Residency period: August 1, 2017 to July 31, 2018

IEAT resident, Professor Maria Angelica Melendi de Biasizzo graduated in Literature from the Facultad de Psicologia y Letras – Universidad de Buenos Aires (1967) and in Visual Arts from the Guignard School of the State University of Minas Gerais (1985). PhD in Literary Studies from the Federal University of Minas Gerais (1999). Currently, she is an associate professor at the Federal University of Minas Gerais, and belongs to the Editorial Board of Revista Pós at the same institution. She has experience in the field of Arts, with an emphasis on Foundations and Criticism of the Arts, working mainly on the following subjects: contemporary art, memory, art, body and photography. She investigates memory strategies developed by contemporary art in Latin America in relation to state terrorism and social violence, a subject on which she has published books and articles in national and international journals and academic journals. She is coordinator of the Art Strategies in the Era of Catastrophes Research Group (www.estrategiasarte.net.br) and editor of Lindonéia Magazine (online).


PROJECT: WHAT REMAINS OF THE DICTATORSHIP: TRANSGRESSION IN THE ART OF LATIN AMERICA BETWEEN TWO CENTURIES.
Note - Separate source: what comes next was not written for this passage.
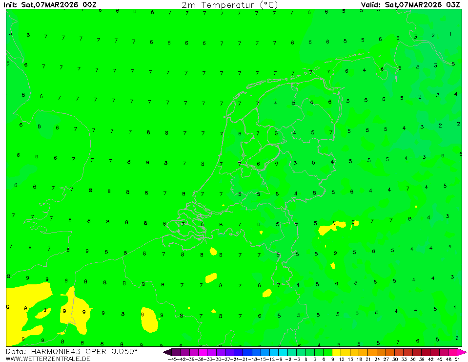 HARMONIE (KNMI-EU)Currently selected. HARMONIE is developed in a european consortium and this is the output provided by the KNMI at the supercomputing facilities in Iceland. The output from Cy43 is available at a rotated lat-lon grid and regridded at our server to a grid spacing of 0.05 degree. These data are the raw data provided by the KNMI. The model is reinitialized every hour and run up to 60 hrs ahead.

The project intends to investigate the artistic practices of some Latin American countries — Argentina, Chile, Brazil, Uruguay, among others — from the redemocratization process that began, approximately, in the 1980s. It is not intended to elaborate a critical history of art in recent years, but to investigate the latency of authoritarian processes in works of art and critical discourses carried out during the period of redemocratization. The project proposes, firstly, to investigate the different redemocratization processes on the continent, to analyze their specificities and the possibilities of establishing comparative studies with countries where “authoritarian” or façade democracies were in force. For this, we will research Latin American artists and works from the period considered in order to establish a corpus of work, establish some categories and put them to the test in relation to research advances. We will conclude by examining the category of “Brazilianness” as proposed by Adriano Pedrosa, in order to understand whether this category makes sense and, if so, understand the set of formal and meaningful specifications that characterize it.